The trucking industry in the United States has affected the political and economic history of the United States in the 20th century. Before the invention of automobiles, most freight was moved by train or horse-drawn vehicle.

During World War I, the military was the first to use trucks extensively. With the increased construction of paved roads, trucking began to achieve significant foothold in the 1930s, and soon became subject to various government regulations (such as hours of service). During the late 1950s and 1960s, trucking was accelerated by the construction of the Interstate Highway System, an extensive network of highways linking major cities across the continent.
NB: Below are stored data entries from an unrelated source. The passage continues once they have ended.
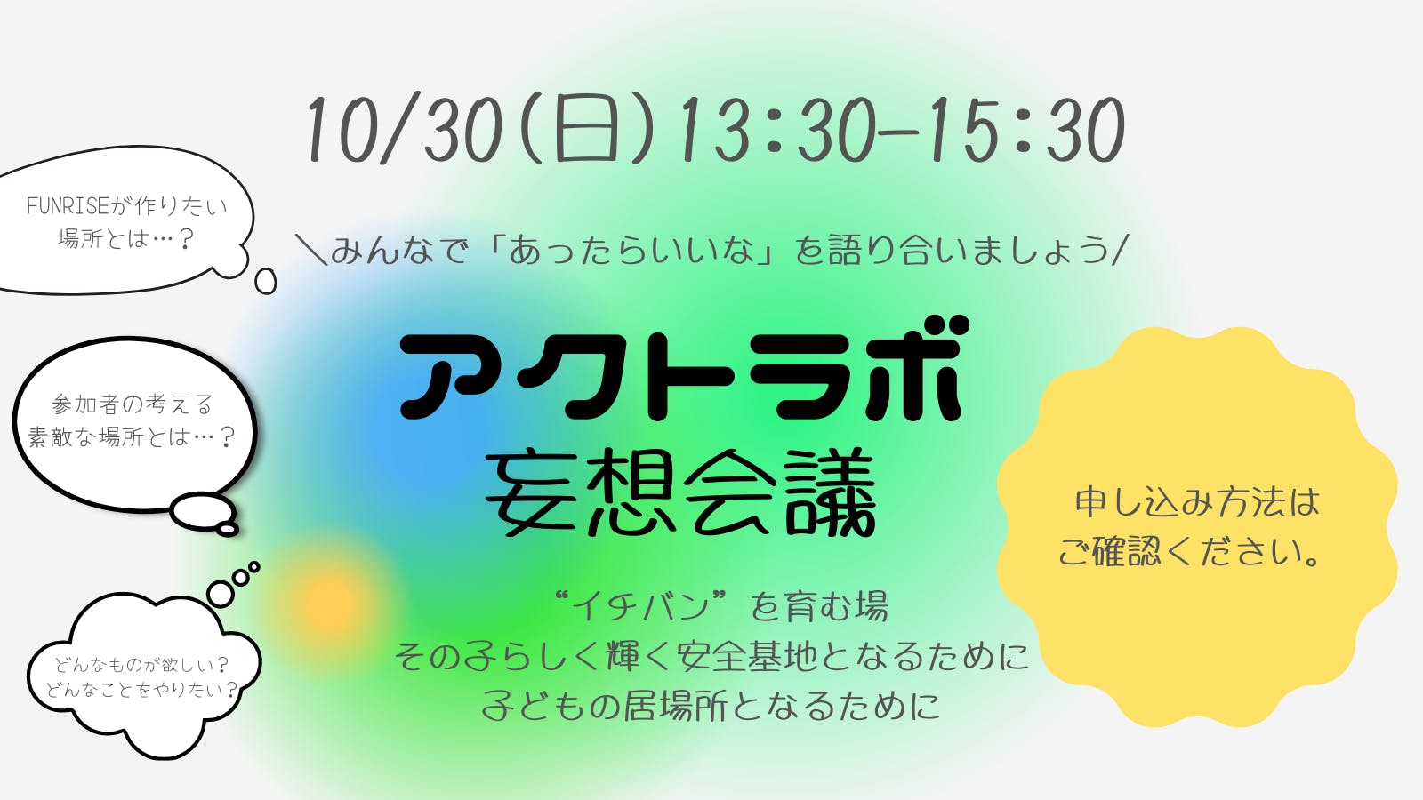 ・日時:10/30(日)13:30~15:30(終了後交流の時間あります)
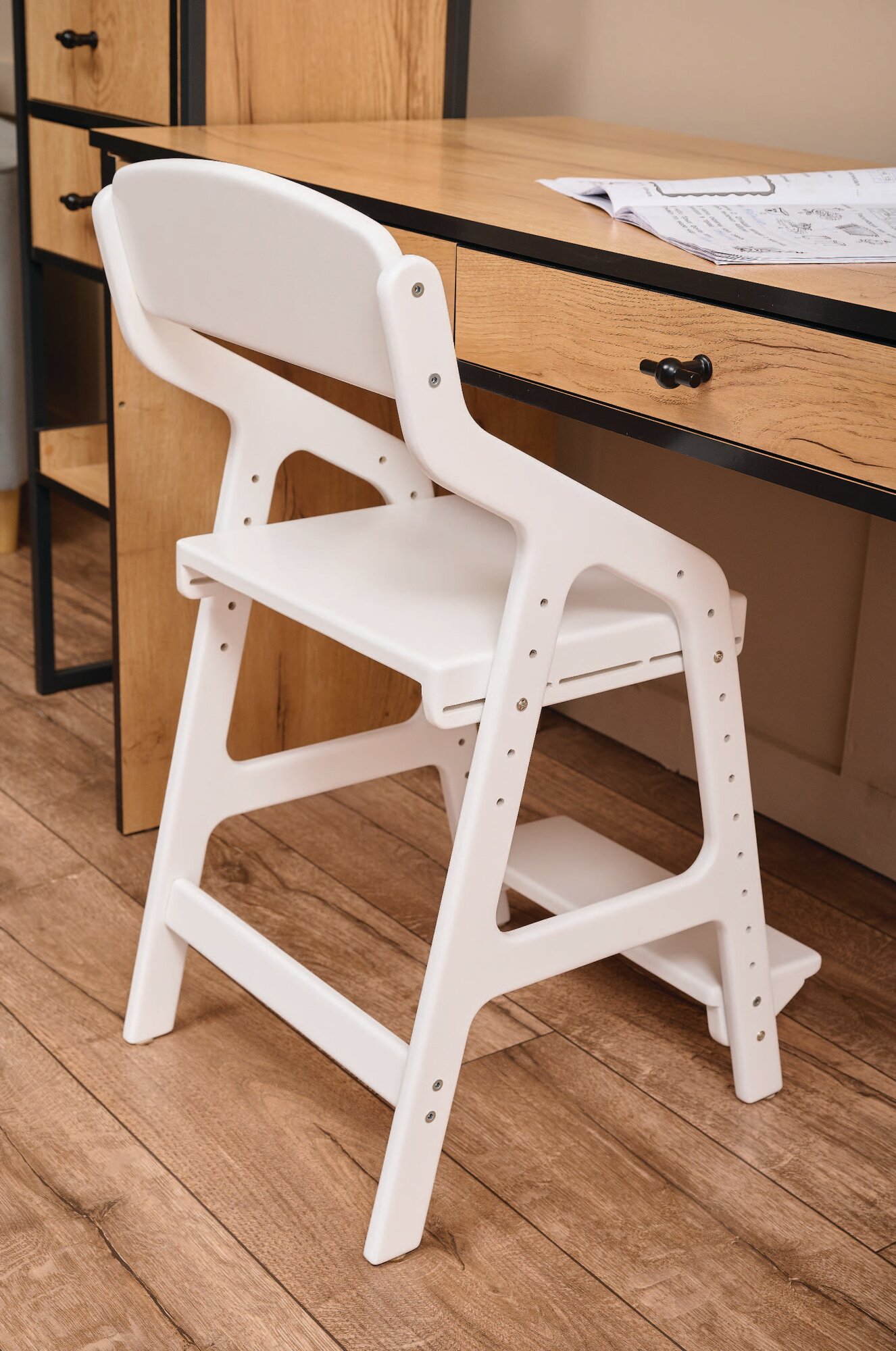Растущий стул для детей FORLIKE белый, с подлокотниками, деревянный регулируемый стул
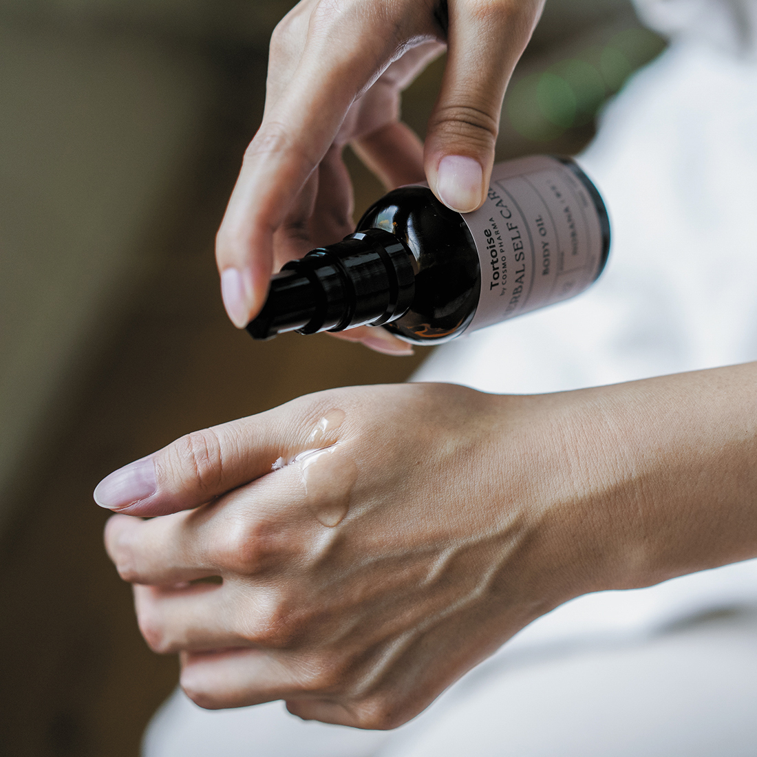 自然由来指数100%のボディオイルは、キャリアオイルから植物エキス、香料まで全て植物由来の成分でできています。 MCTオイルやスクワラン等をベースにした浸透性の高いオイルです。 アウトバスの保湿やマッサージオイルなど様々なシチュエーションで使用でき、スキンケアからヘアスタイリングまで対応したオールインワンなオイル。 トウキンセンカやヨモギ等、使用されている植物エキスは全て長野で有機栽培されたもので、安心できるボタニカルでオーガニックな処方です。 フレグランス:樹木 容量:50ml 商品サイズ:直径4.5㎝×高さ12㎝ 成分:トリ(カプリル酸/カプリン酸)グリセリル、マカデミア種子油、スクワラン、コメ胚芽油、トウキンセンカ花エキス、 カワラヨモギエキス、カンゾウ根エキス、ローズマリー葉エキス、トコフェロール、精油 使用シーン ボディケア/ ヘアケア/ アウトバスオイル/ マッサージオイル/スタイリング
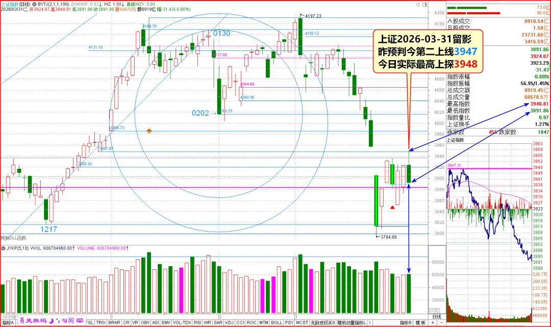 昨日我们预判今日“看跌防涨”,并明确指出上方第二压力位在3947点。今日盘面走势再次验证了量学预报的精准度:

Trucking achieved national attention during the 1960s and 70s, when songs and movies about truck driving were major hits. Truck drivers participated in widespread strikes against the rising cost of fuel, during the energy crises of 1973 and 1979, and the industry was drastically deregulated by the Motor Carrier Act of 1980. Trucking has come to dominate the freight industry in the latter portion of the 20th Century, along with what are termed "big-box stores" such as Walmart and Target.

==19th century==
Before 1900, most freight transported over land was carried by trains using railroads. Trains were highly efficient at moving large amounts of freight, but could only deliver that freight to centralized urban centers for distribution by horse-drawn transport. The few trucks that existed at the time were mostly novelties, appreciated more for their advertising space than for their utility. Winton Motor Carriage Company built one of the first trailer trucks, converting a car into a tractor and made a small trailer to move cars from its factory in 1899. Ten years later Fruehauf experimented with tractor trailers. The use of range-limited electric engines, lack of paved rural roads, and small load capacities limited trucks to mostly short-haul urban routes.

==20th century==
Starting in 1910, the development of a number of technologies gave rise to the modern trucking industry. With the advent of the gasoline-powered internal combustion engine, improvements in transmissions, the move away from chain drives to gear drives, and the development of the tractor/semi-trailer combination, shipping by truck gained in popularity. In 1913, the first state weight limits for trucks were introduced. Only four states limited truck weights, from a low of 18000 lb in Maine to a high of 28000 lb in Massachusetts. These laws were enacted to protect the earth and gravel-surfaced roads from damage caused by the iron and solid rubber wheels of early trucks. By 1914 there were almost 100,000 trucks on America's roads. However, solid tires, poor rural roads, and a maximum speed of 15 mph continued to limit the use of these trucks to mainly urban areas.

===World War I===

World War I trucks circa 1917, manufactured by White Motor Company

The years of World War I (1914–18) spurred rising truck use and development. During the busy war years, the increased congestion of railroads exposed the need for alternative modes of transporting cargo. It was during these years when Roy Chapin (working with a military committee) began to experiment with the first long-distance truck shipments, and pneumatic (inflated) tires capable of supporting heavier loads were developed which enabled trucks to drive at higher speeds. Two truck manufacturers that emerged during this time were a former sewing machine maker, White (pictured above), and one that would become a modern euphemism for "truck," Mack. By 1920 there were over a million trucks on America's roads.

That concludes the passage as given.